Scroll down to the part "Run-ins with the law" and take a look. By the way, Sen Simpson, although now officially retired, is doing important and laudable work on getting people on board on reducing the skyrocketing US national debt and budget deficit. Here's more on that in case you're interested (and if you're an American, you should be):

http://www.npr.org/blogs/thetwo-way/2012/12/06/166634673/alan-simpson-goes-gangnam-style

Wednesday, November 7, 2012

What now for Romney?

I can't help feeling that Obama could do worse than hire him as an "economy czar" and delegate all things fiscal-related (fixing the fiscal cliff, balancing the budget, reducing unemployment) to him. Kind of like the way he was gracious to Hillary after 2008 and appointed her as Secretary of State.

On many other matters, especially foreign and social policy, it always seemed to me that Obama had the more reasonable view, even though the more extreme views which Romney espoused in the campaign might have been forced upon and not a true reflection of how he would govern.

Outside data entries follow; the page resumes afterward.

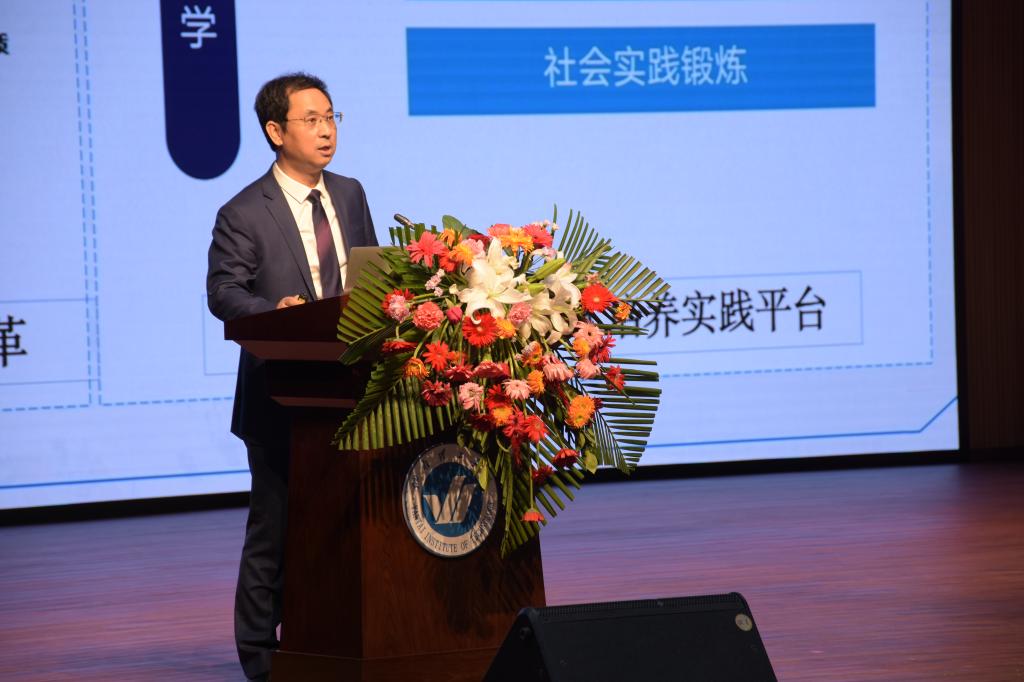 教育部学校规划建设发展中心创新发展处处长刘志敏致辞中对我校融入大局、找准定位、超前布局表示了赞赏。他说,应用型民办高校的发展应该具备大视野、新格局。产教融合、科教融合是学校发展的必经之路。
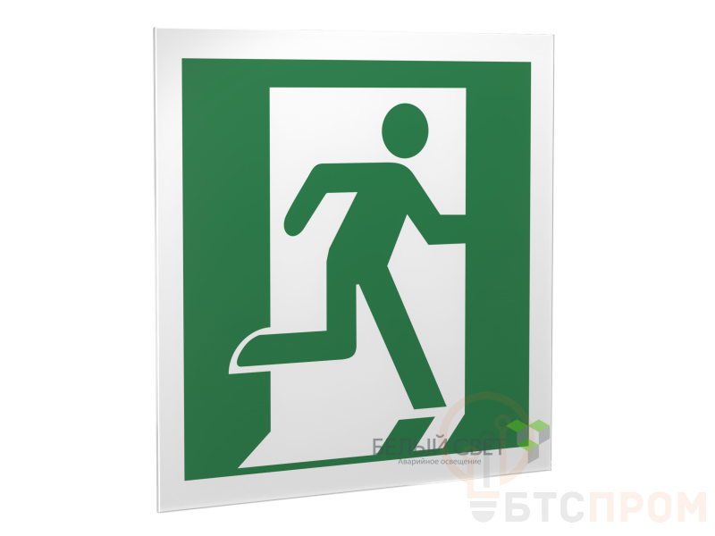 Знак безопасности "Выход здесь (правосторонний)", габаритные размеры 150х161 мм, фактические размеры 150х150 мм, сигнальный цвет - зеленый, контрастный цвет - белый
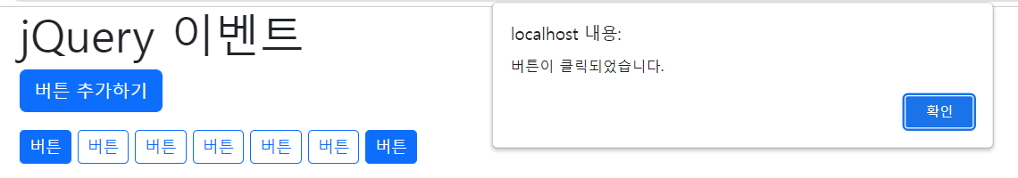 <div class="container"> <h1>jQuery 이벤트</h1> <div class="mb-3"> <button class="btn btn-primary" id="btn-add">버튼 추가하기</button> </div> <div id="button-box"> <button class="btn btn-primary btn-sm">버튼</button> </div> </div> <script src="https://cdn.jsdelivr.net/npm/bootstrap@5.2.2/dist/js/bootstrap.bundle.min.js"></script> <script src="https://ajax.googleapis.com/ajax/libs/jquery/3.6.1/jquery.min.js"></script> <script type="text/javascript"> $("#btn-add").click(function() { var htmlContent = ' <button class="btn btn-outline-primary btn-sm">버튼</button>'; // .append(html컨텐츠)는 선택된 엘리먼트 안에 html컨텐츠를 추가한다. $("#button-box").append(htmlContent); }); /* <div id="button-box"></div> 엘리먼트 안에 현재 존재하거나, 미래에 추가될 버튼에서 클릭이벤트가 발생했을 때 실행할 이벤트 핸들러 등록하기 // <div id="button-box"></div> 엘리먼트 안에 현재 존재하는 버튼에만 이벤트 핸들러가 등록된다. $('#button-box button').click(function() { alert("버튼이 클릭되었습니다."); }) // #button-box 엘리먼트 안에 현재 존재하거나 미래에 추가되는 button엘리먼트에서 click 이벤트가 발생했을 때 실행할 이벤트 핸들러 등록하기 $("#button-box").on("click", 'button', function() { }) */ // <div id="button-box"></div> 엘리먼트 안에 현재 존재하거나, 미래에 추가될 버튼에서 클릭이벤트가 발생했을 때 실행할 이벤트 핸들러 등록하기 $("#button-box").on('click', 'button', function() { alert("버튼이 클릭되었습니다."); }); </script> </body> </html>
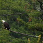 A bald eagle cries out while perched Friday in white pine near the Great Salt Bay in Newcastle, Maine. Some bird experts say the eagles are flying to Maine’s remote rocky islands, where they’ve been raiding the only known nesting colonies of great cormorants in the U.S.
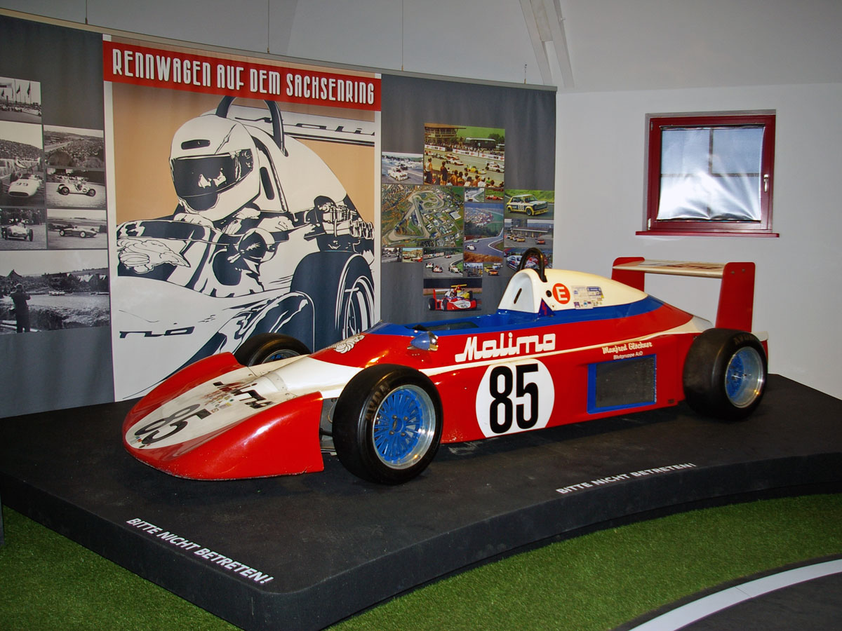 Rennwagen in der Sachsenring-Ausstellung des Textil- und Rennsportmuseums Hohenstein-Ernstthal
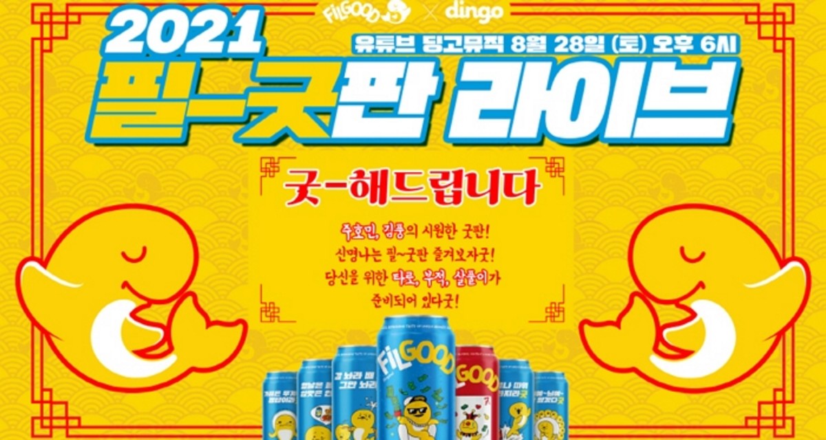 오비맥주는 '필굿'이 이색 라이브 방송 '2021 필-굿판 라이브'를 MC 주호민, 김풍과 함께 딩고 뮤직 유튜브 채널에서 내일(28일) 오후 6시 생중계한다고 말했다.

Just my opinion... and one which is admittedly unlikely to be implemented anytime soon.

Wednesday, September 26, 2012

Bureau of Trade - cool concept but will it work?

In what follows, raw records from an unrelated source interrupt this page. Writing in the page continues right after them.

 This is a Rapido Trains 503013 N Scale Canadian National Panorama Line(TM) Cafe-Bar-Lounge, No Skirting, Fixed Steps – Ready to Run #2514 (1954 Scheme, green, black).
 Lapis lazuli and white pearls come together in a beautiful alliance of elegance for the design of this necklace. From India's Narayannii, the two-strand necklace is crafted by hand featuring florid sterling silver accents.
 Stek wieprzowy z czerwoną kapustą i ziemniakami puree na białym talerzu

I saw this in Techcrunch today about a new ecommerce company by the name of Bureau of Trade (awesome name IMHO).

I wonder about the long term potential of this... they seem to be getting some decent traction according to the stats in the article but do enough men to support this at scale really shop this way?

In my view, men and women do shop very differently. Women tend to browse shopping sites for enjoyment, with only a vague idea of what to buy, making "shopping discovery" sites which look more like online magazines work well if they cater to their interests. Fab.com is the uber-example online in this area - it has experienced most success with the 24-35 year old college-educated female demographic. Even offline, there are tons and tons of women's magazines whose modus operandi is to provide women with shopping ideas.

I think men on the other hand tend to be much more search-driven - they identify something first, then Google or Amazon it to proceed with nailing down alternatives.The idea of men browsing items they weren't specifically planning to buy for enjoyment and then actually making the leap to taking out their credit cards doesn't quite strike me as being close to reality. Check out any random dating site for anectodal proof if you're not convinced. Most men don't list "shopping" as being one their hobbies... women are of course a different story.

Which is not to say all men behave this way, of course. But the million-dollar question for Bureau of Trade (maybe $100m-question in view of the VC funding they're taking in - goals tend to be a bit loftier when that happens) is whether there are enough exceptions to the above behavior to support a website like theirs. I wish them every success but can see it being a bit of an uphill struggle.